Blockgraph’s Instant Audiences Offers Relief from Ad Tech Complexity
‘What we’re launching today is not a new product. It’s not a new feature. It’s a fundamentally different way of operating,’ says Blockgraph’s Jason Manningham

Ad tech makes doing some things too difficult, according to Jason Manningham, CEO of Blockgraph.
At Blockgraph’s Converge event during Advertising Week in New York, Manningham asserted that most marketers already know who they want to reach.
Unfortunately, the current process “takes too long, costs too much and leaks value at every single step of the process,” he said.
The result, said Manningham, is that even if you define your audience clearly and carefully “what gets delivered back is layered through ID mesh tables, opaque systems and various activation paths that water down your clearly defined audience into some version of that.”
He asked “what if the system actually listened?”
The solution, Manningham said, is Blockgraph's Instant Audiences. “What we’re launching today is not a new product. It’s not a new feature. It’s a fundamentally different way of operating. It’s a better way.”
All an advertiser needs to do in order to reach local households is tell Instant Audiences who they want to reach and the system does the rest. It’s as simple as “Say it and reach it,” Manningham said.
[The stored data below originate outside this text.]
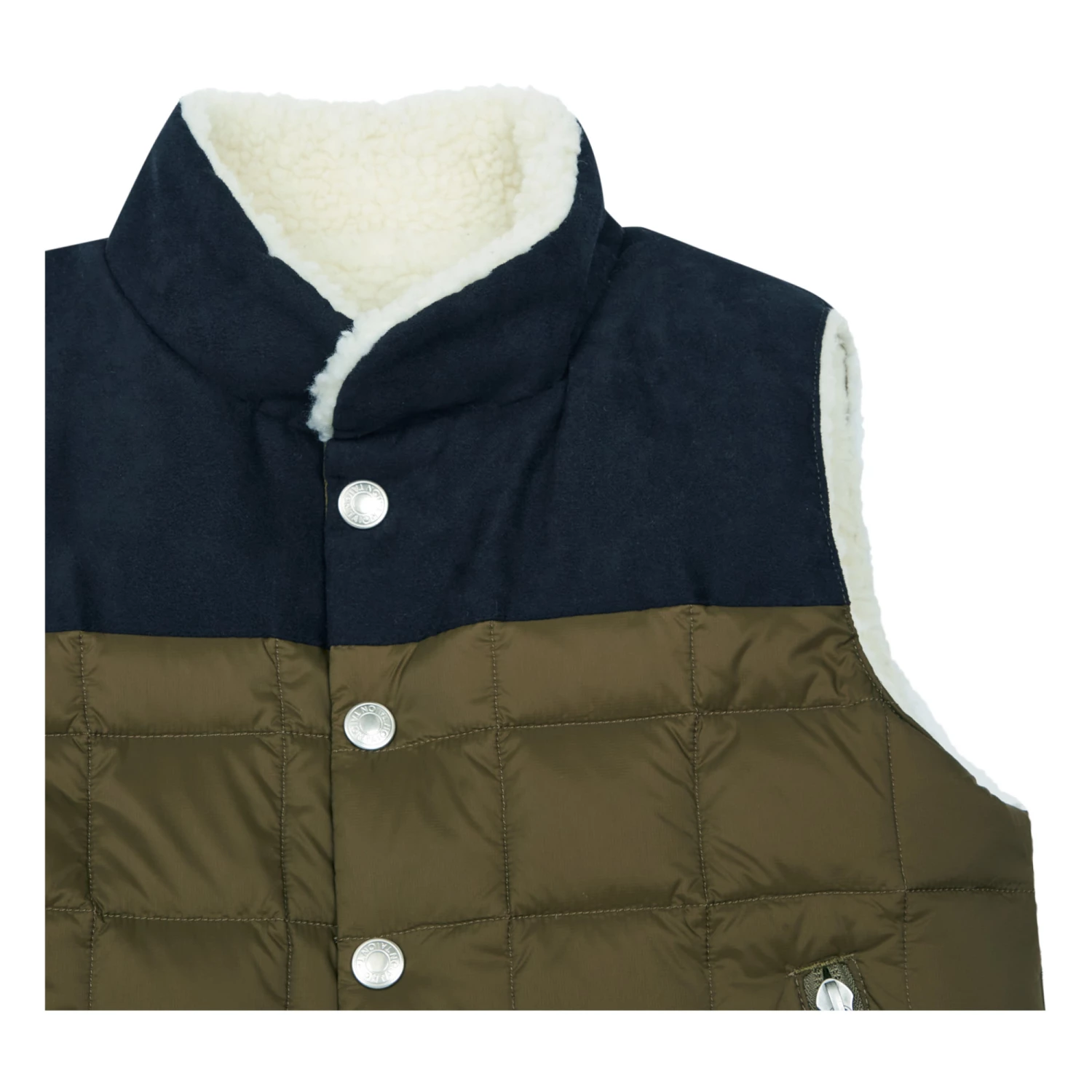 - Sewn-in logo , Soft, Identification tag, Top stitched, Waterproof, Padded inside, Sleeveless, Zipped front pocket, Warm and comfortable, Turtleneck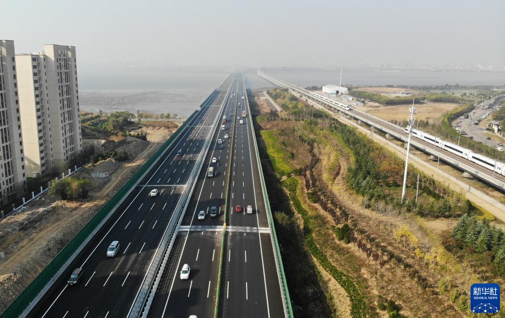 车辆行驶在青兰高速全线起点双埠收费站附近(10月31日摄,无人机照片)。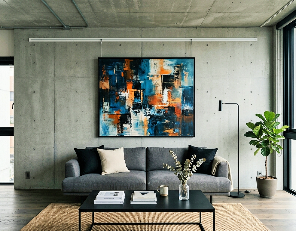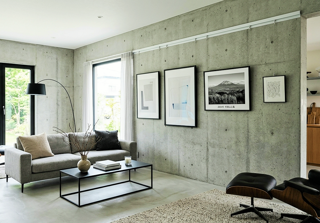 壁に直接釘を打つよりも、ワイヤーで吊るすスタイルは視覚的にスッキリとした印象を与えます。スポットライトと組み合わせれば、ご自宅のリビングがまるでギャラリーのような上質な空間に。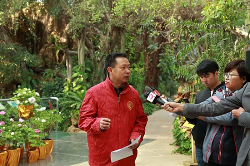 廖景平博士向媒體介紹牡丹花展情況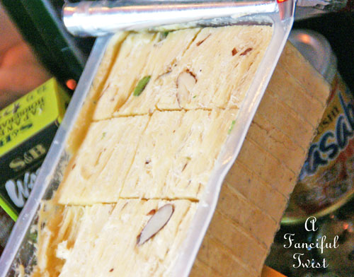 If you are wondering what the item in the first picture is, it's called Soan Papdi.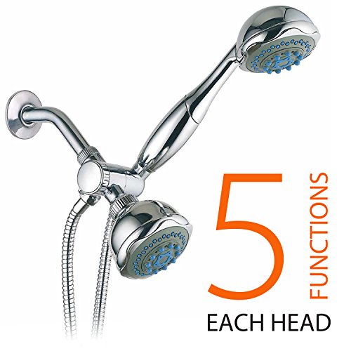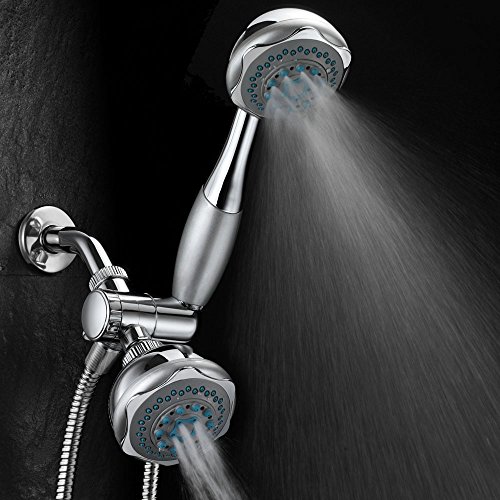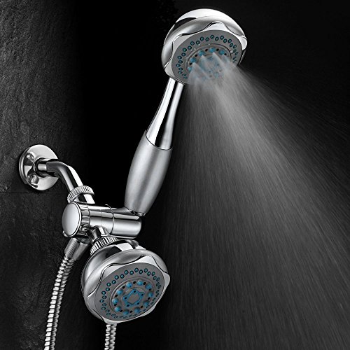 Ultra-Luxury Shower Head with Handheld Shower, Water Diverter and Shower Hose. Choose from 24 full and combined water flow patterns. Use each shower separately or both shower head together!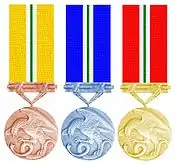 - для бронзовой медали — жёлтая лента, в центре которой широкая белая полоса, разделённая узкой зелёной полоской.
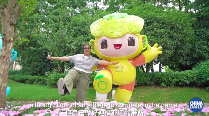 Sara與城市中隨處可見的亞運會裝飾合影 據中國日報網報道,杭州第19屆亞運會將於9月23日晚間拉開帷幕,主辦城市杭州和協辦城市寧波是與薩拉成長息息相關的兩個地方。她表示,她很喜歡這兩座城市,自己更是寧波美食愛好者,尤其鐘愛糯嘰嘰的點心。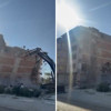 Kahramanmaraş merkezli depremlerde büyük yıkımın yaşandığı Hatay’da mahkeme süreci tamamlanan binalar yıkılmaya devam ediyor. Depremin vurduğu Defne ilçesi Çekmece Mahallesi’nde mahkeme süreci tamamlanan 6 katlı bina, iş makinesinin darbesiyle kontrollü olarak yıkıldı. 6 katlı binanın kontrollü olarak yıkan iş makinesinin, binanın altında kalmaktan saniyelerle kurtulduğu anlar cep telefonu kamerasıyla an be an görüntülendi.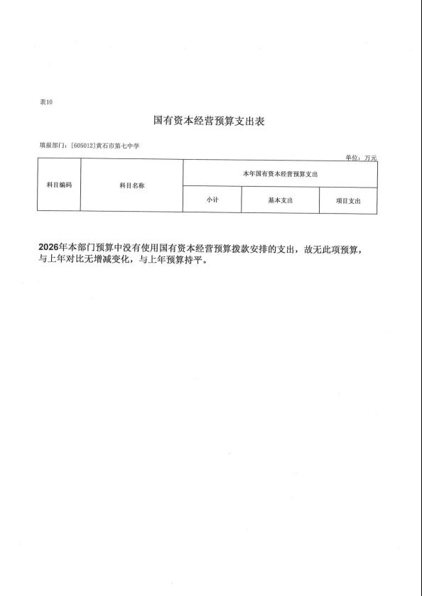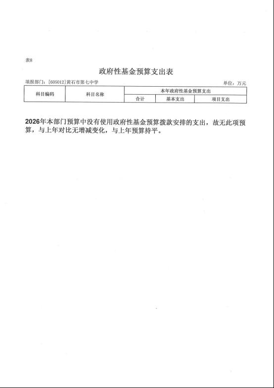 2026年度黄石市第七中学部门预算公开情况说明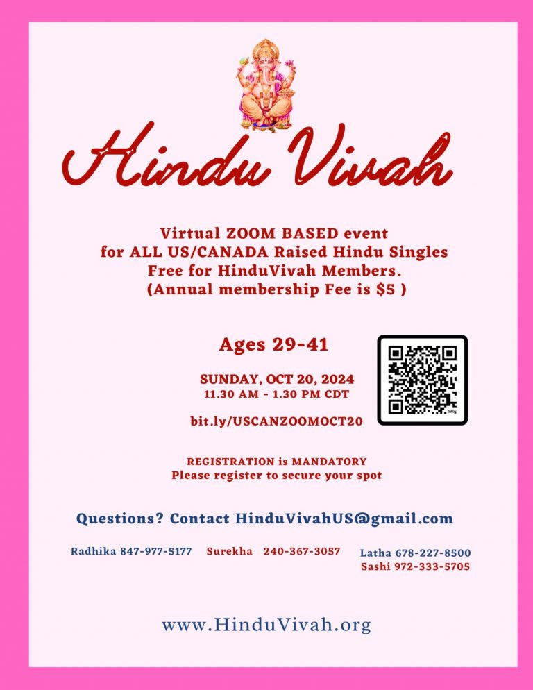 Virtual ZOOM BASED event for ALL US/CANADA Raised Hindu Singles Free for Hindu Vivah Members on Oct 20, 2024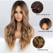 〖Product Length〗:56cm 〖 Color 〗: Brown Ombre Silver Blonde〖 Suitable Crowd〗: Adults This wig can be restyled by heating or curling, the temperature should be set below 320…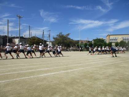 チームは3種類(平均身長、町南北、じゃんけん勝負)で、それぞれ2回戦行います。力を合わせて綱を引きます。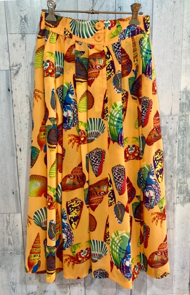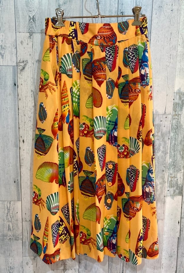 ビンテージ貝殻カニ柄ブラウス&スカートセットアップ80s90s昭和レトロ
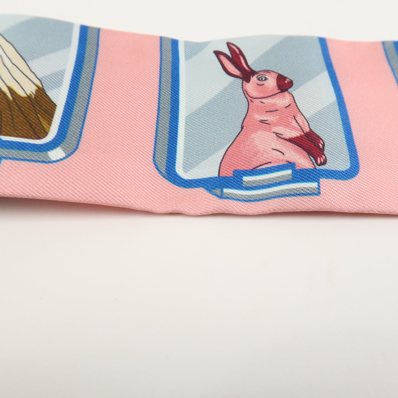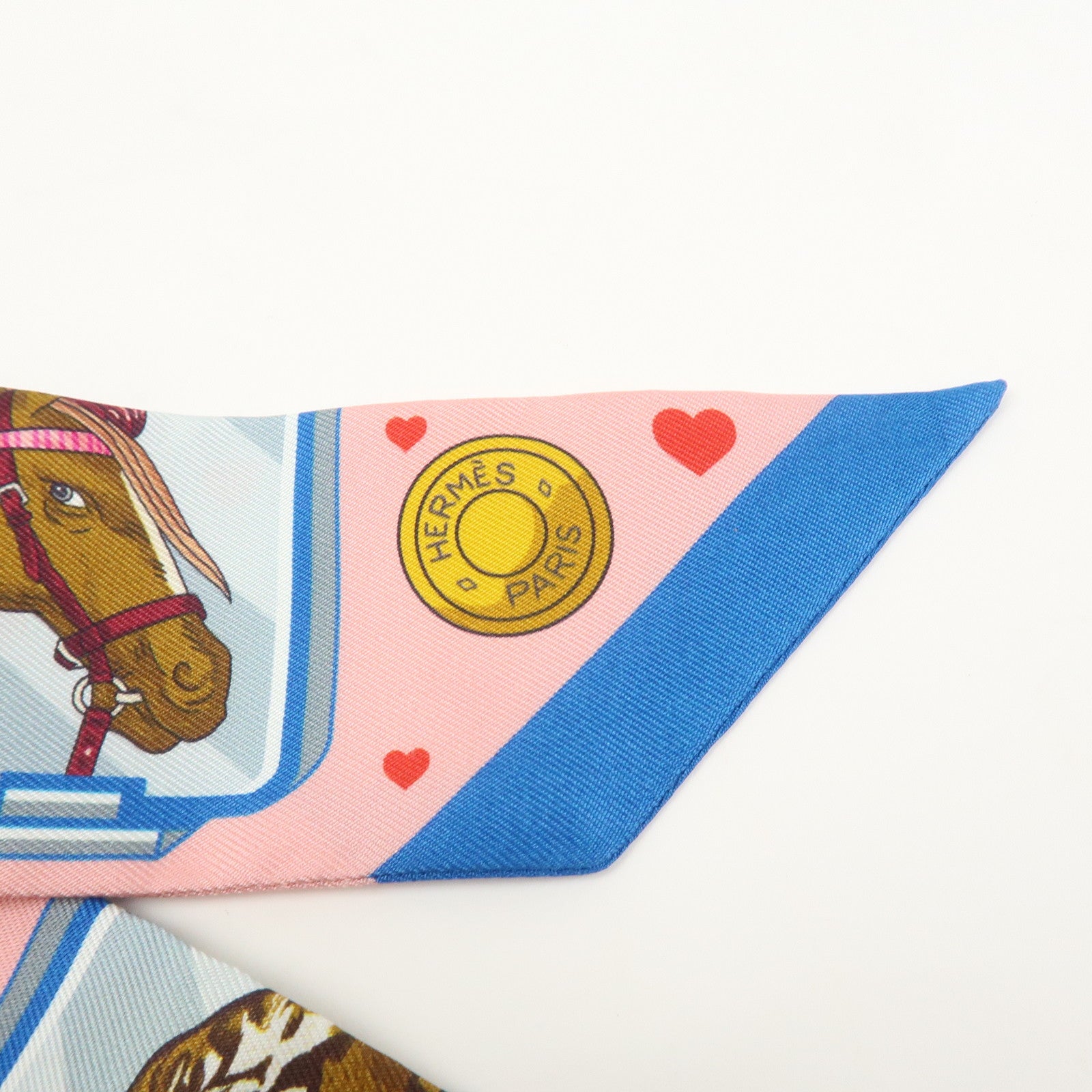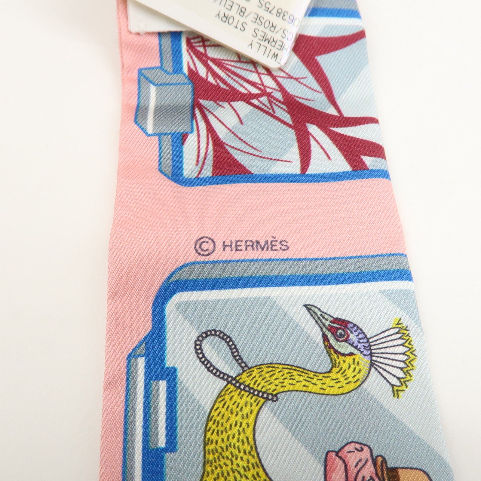 HERMES Twilly Silk 100% HERMES STORY Scarf Pink Blue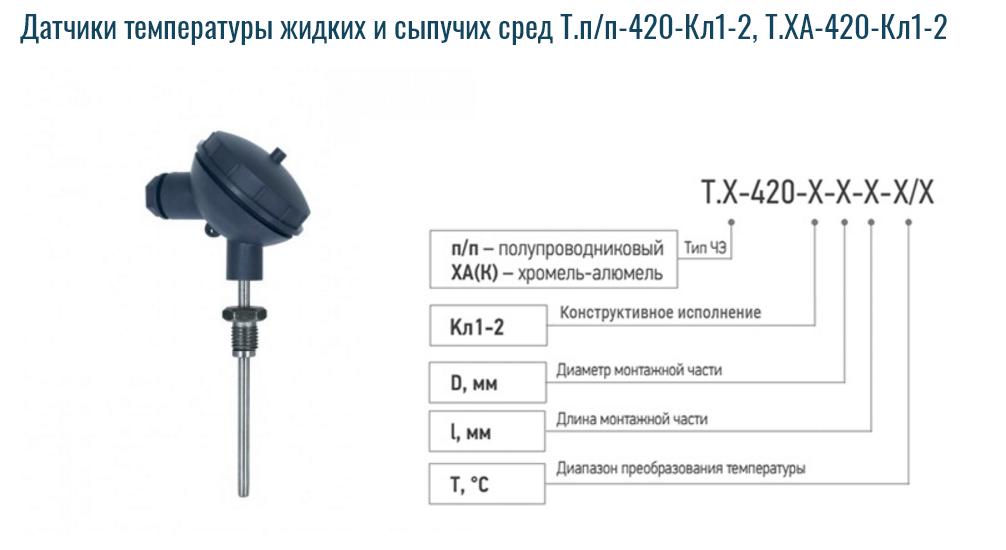 Описание Датчики температуры жидких и сыпучих сред Т.п/п-420-Кл1-2, Т.ХА-420-Кл1-2 • Диапазоны преобразования температуры: - Т.п/п–420: -40...+125°С; -40...+100°С; 0...+100°С - Т.ХА–420: 0...+300°С; 0...+500°С; 0...+800°С • Предел допускаемой абсолютной погрешности не более ±0,5% ![]() Датчики констуктивного исполнения Кл1-2 с унифицированным токовым выходом 4...20 мА предназначены для измерения температуры жидких, паро– газообразных сред, сыпучих материалов и других сред, неагрессивных к материалу защитной арматуры. Датчики с выходом 4...20мА используются тогда, когда расстояние от точки контроля температуры до прибора может достигать до 1000 м, а также совместно с приборами с унифицированным токовым входным сигналом 4 … 20 мА. В датчиках температуры используется клеммная головка диаметра 58 мм с винтовой герметично-закручивающейся крышкой без уплотнительного кольца. Все металлические детали датчиков температуры изготовлены из пищевой нержавеющей стали 12х18хH10T. Допускается изготовление подвижного штуцера из чёрного металла с покрытием цинк или никель. В датчиках температуры Т.п/п-420-Кл1-2 используется полупроводниковый элемент ТС 1047 фирмы «Microchip», в датчиках Т.ХА-420-Кл1-2 - преобразователь термоэлектрический с НСХ ХА (К) по ГОСТ Р 8.585–2001. Похожие товары | |||||||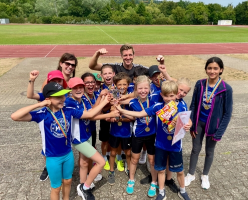 Das Team, bestehend aus sechs Jungen und sieben Mädchen, zeigte beeindruckenden Teamgeist, sportlichen Ehrgeiz und jede Menge Fairness. Mit großem Einsatz kämpften sie sich durch die Disziplinen – und am Ende stand fest: Unsere Schule holt den ersten Platz!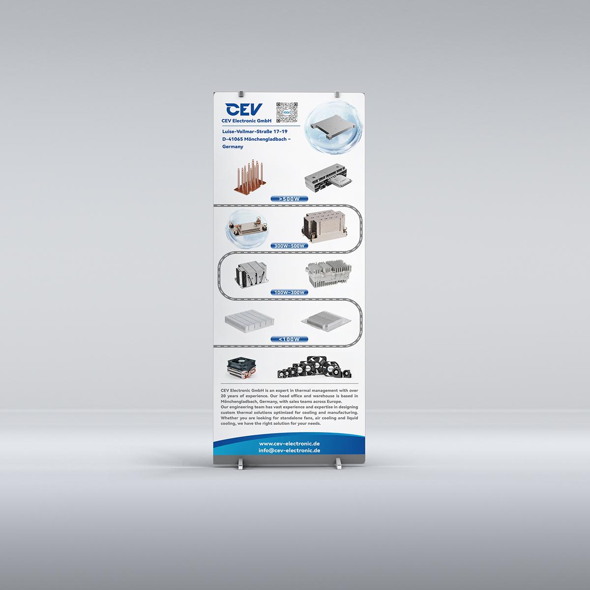 此次參加的是國外展會物料設計,所以無論做海報、宣傳冊、易拉寶設計要考慮到簡潔 大氣、考慮的產品以白色為主,為更好突出產品,主色調采用科技藍,把好的創意和設計技巧。通過合理的布局、精準的信息傳遞和吸引人的視覺效果,海報設計能夠有效地吸引觀眾的眼球。 抓住眼球的設計才是好設計。

Initiating a search for an audience can be as simple as typing in a business’ website URL. The agentic AI system figures out the rest: where stores are located, which households are near those locations and which neighborhoods are most likely to convert almost instantly. It also spits out marketing intelligence about those consumers that the marketer can use to sharpen their messaging based on information including Census data.
For example, you could ask for eco-conscious neighborhoods in Detroit with young families if you’re launching a new electric vehicle.
If the advertiser wants to make changes in the audience, by adding say income qualifiers or seeking households around under performing stores, they just tell the system that in natural, human language, and a new audience is returned.
Those audiences can be activated with any premium video platform that can read the Blockgraph IDs. That includes FreeWheel, Comcast’s ad tech platform, which works with most linear networks and many streamers, plus Comcast Advertising and Charter Communication’s Spectrum Reach. (Blockgraph is owned by Charter, Comcast NBCUniversal and Paramount.)
Having a system as simple as Instant Audiences should help TV compete with digital for local advertising.
“We are committed to providing our local advertisers new ways to create audiences that enable localized reach and simplify activation to reach their potential customer,” said Dawn Williamson, chief revenue officer, media solutions at Comcast Advertising. “Instant Audiences represents a major step forward by bringing the power and ease of AI and the certainty of deterministic identity to localized targeting—all while protecting consumer privacy.”
“We are focused on making it easier and more effective for local businesses to advertise on TV and streaming platforms,” said Dan Callahan, senior VP and chief revenue officer at Spectrum Reach. “With tools like Instant Audiences, these advertisers can make data-backed decisions, fast, with the same quality tools and data usually reserved for larger advertisers.”
Manningham added that Blockgraph didn’t build the Instant Audiences for itself and its clients.
“We built it for everyone in the industry. It’s open, it’s modular, it’s API ready. If you build campaigns, we want to work with you. If you activate campaigns, we want to work with you,” he said.